3) EMRs do NOT save ANY MONEY -- all ROI (return on investment) studies include reduction of the cost of daily dictation in the mix, many practices don't even use this method anymore.

4) Improvement of patient care -- recent study based on 2004 data did NOT confirm that the EMR using groups were better than the paper using groups.

5) use of an EMR to "help you use your office staff more effectively while rearranging their duties (workflow) has NOT been SHOWN (and in this day of "evidence based medicine" to be better.

Use technology to help you see pts, organize your life, BUT if PAPER WORKS BETTER, USE IT!

Matt in Western PA
Solo x 5 years
FP x 20 years

At Fri Sep 25, 05:33:00 PM, Anonymous Anonymous said...

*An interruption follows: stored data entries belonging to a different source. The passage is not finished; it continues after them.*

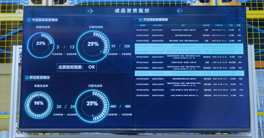与生产现场配套设立的数字化运营中心(Digital Operation Center),可实时统筹工厂全域数据,涵盖生产进度、财务状况、PSI 计划及人力资源等信息。整面大屏实时可视化呈现最新数据,经营管理层每日在此对风险与课题开展快速研讨并及时决策。这里是打通生产现场与经营管理层、实现高速化经营决策的核心枢纽。
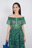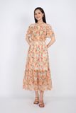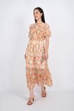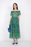 FDP32988 - Đầm dạo phố vải voan dáng maxi vai trễ bo chun nẹp ngực đính khuy - PANTIO
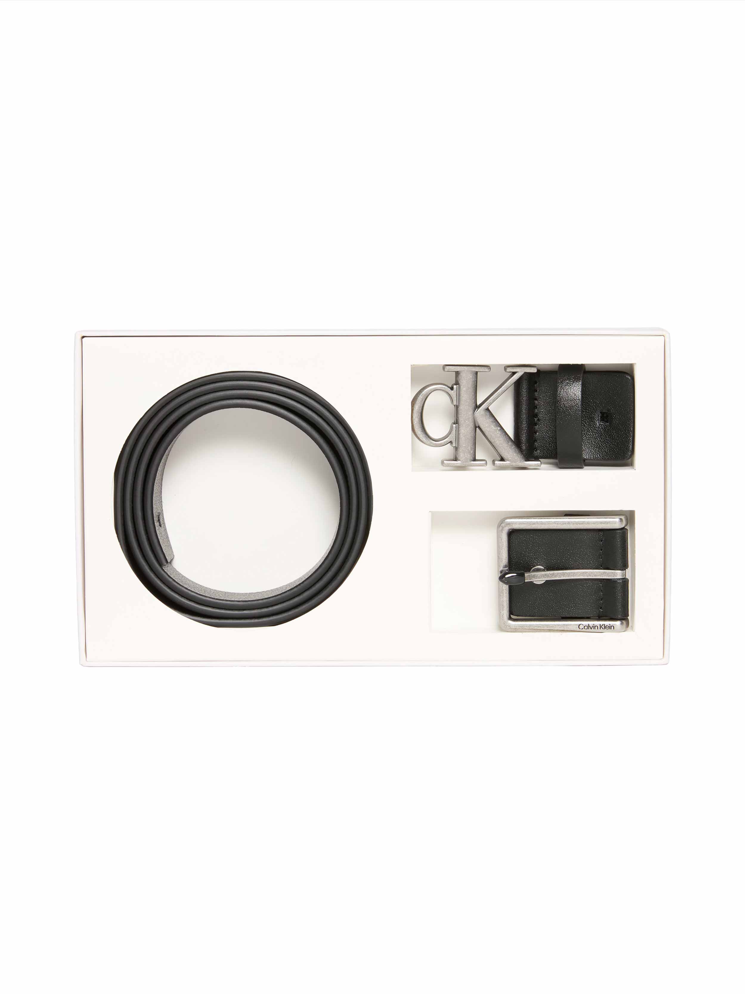 • you'll find two interchangeable buckles with a modern and distinctive design, allowing you to easily customize your look for any occasion. The discreet and refined Calvin Klein logo adds an unmistakable touch of class. This set is ideal for completing both formal and casual outfits, offering versatile style for any season.

I understand the frustration with implementing EMR. Our hospital is in the process of doing this. There will be a huge frustrating learning curve. I do think that something needs to be done to improve the sharing of patient information among all physicians caring for each patient.

I can't tell you how many times I have seen a patient have more than one order for the same or similar exam done within a 24 hour period because one Dr. didn't know that the other had already ordered the test.

I can't tell you how many times I have been unable to read another physician's notes or consultation because of illegible handwriting. i am aware that your handwriting is very good but yours is the exception, not the rule.

On another post you complain that a cardiolgist changed meds of one of your patients after you had just discovered that the reason for the elevated LDL was poor patient compliance. Unless you send a note along with al your referals to specialists how would the specialst know what recent changes you have made and why?

At Fri Nov 06, 12:40:00 PM, Anonymous Anonymous said...

While I am not in favor of ramming EMRs down doctor's throats, at the same time, I do have a couple of questions for #1 Dinosaur:

1) What happens if your offices burn down - how do you explain to your patients the lost of all of their records? Electronic information has the relatively easy ability to store in multiple locations.

2) This was talked about loosely above, but an electronic chart allows for access by multiple individuals from multiple locations. Isn't this an issue with paper records?

Thanks - good article with some good points.